Mavie (Lolita Chammah), jeune fille surannée fraîchement installée à Paris, devient l’assistante de Georges (Jean Sorel), libraire misanthrope à la culture encyclopédique et au passé mystérieux. Le lien profond qui se noue entre ces deux drôles d’oiseaux éclaire leur solitude.

Tournant volontairement le dos à la représentation au cinéma des choses telles qu’elles sont dans la vie, Elise Girard nous plonge dans un Paris parallèle et décalé où les goélands meurent en plein vol et où les militants anti-nucléaires courent les rues. A l’intérieur de cet univers où le romanesque est d’emblée roi, l’on n’est point choqué d’entendre les personnages s’exprimer comme des livres, devisant littérature, politique et sens de la vie. Si le jeu rêche, dénué de coquetterie, de Lolita Chammah vaut à lui seul son pesant de d’or, la partition la plus délicieuse reste celle de Jean Sorel, vieil érudit que la vie a désillusionné, aux répliques iconoclastes et jouissives.

« Il suffirait de presque rien, pourtant personne, tu le sais bien, ne repasse par sa jeunesse… » En bande-son de l’histoire d’amour se défiant du fossé générationnel que fait éclore sous nos yeux Elise Girard, la célèbre chanson de Reggiani ne déparierait pas. En effet, le second long-métrage de la réalisatrice de Belleville Tokyo est empreint de la mélancolie de ceux qui regrettent d’être né trop tôt ou trop tard pour vieillir avec la personne qu’ils aiment.
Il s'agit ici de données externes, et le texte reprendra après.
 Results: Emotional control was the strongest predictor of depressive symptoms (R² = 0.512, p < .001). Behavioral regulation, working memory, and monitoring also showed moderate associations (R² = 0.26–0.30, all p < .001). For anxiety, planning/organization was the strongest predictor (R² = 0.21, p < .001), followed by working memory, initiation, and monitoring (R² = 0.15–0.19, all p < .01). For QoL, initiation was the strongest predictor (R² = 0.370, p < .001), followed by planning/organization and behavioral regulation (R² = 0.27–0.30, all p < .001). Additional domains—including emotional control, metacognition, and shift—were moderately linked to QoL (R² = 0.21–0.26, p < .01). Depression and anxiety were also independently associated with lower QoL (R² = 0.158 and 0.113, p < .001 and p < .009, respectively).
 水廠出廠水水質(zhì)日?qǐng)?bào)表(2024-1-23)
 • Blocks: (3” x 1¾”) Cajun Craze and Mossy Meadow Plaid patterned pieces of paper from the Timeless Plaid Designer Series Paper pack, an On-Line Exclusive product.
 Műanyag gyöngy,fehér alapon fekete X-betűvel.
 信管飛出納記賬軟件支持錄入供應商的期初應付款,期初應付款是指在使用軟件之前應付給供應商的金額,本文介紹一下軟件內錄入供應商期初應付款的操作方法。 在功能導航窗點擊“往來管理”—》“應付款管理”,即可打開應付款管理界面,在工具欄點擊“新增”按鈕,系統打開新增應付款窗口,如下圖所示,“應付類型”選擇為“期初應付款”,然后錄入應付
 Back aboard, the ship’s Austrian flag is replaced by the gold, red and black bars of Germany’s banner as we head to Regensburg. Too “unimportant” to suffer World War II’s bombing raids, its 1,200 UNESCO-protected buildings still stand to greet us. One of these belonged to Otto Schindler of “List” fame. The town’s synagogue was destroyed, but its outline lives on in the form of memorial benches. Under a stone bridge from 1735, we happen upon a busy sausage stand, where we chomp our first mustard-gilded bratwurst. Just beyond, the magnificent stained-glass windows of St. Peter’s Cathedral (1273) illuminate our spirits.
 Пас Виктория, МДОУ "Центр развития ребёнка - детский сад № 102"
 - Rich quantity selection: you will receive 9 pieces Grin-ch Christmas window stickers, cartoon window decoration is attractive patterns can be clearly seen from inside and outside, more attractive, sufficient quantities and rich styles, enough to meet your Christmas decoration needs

Cette douleur amoureuse se double, pour la jeune fille qui hérite du monde que le premier a échoué à transformer, d’une nostalgie pour une époque révolue où la vie culturelle et politique était plus exaltante, où les débats d’idées faisaient vibrer Saint-Germain-des-Prés et où les utopies n’étaient pas reléguées dans les poubelles d’une Histoire prétendument achevée. À travers ses dialogues très littéraires, sa voix off friande de calembours, ses ouvertures en œil et sa liberté narrative, Elise Girard, pour qui rien n’a été produit de neuf après l’insurpassable Mépris, nous livre un film joliment anachronique, petit bout de Nouvelle Vague égaré au XXIème siècle.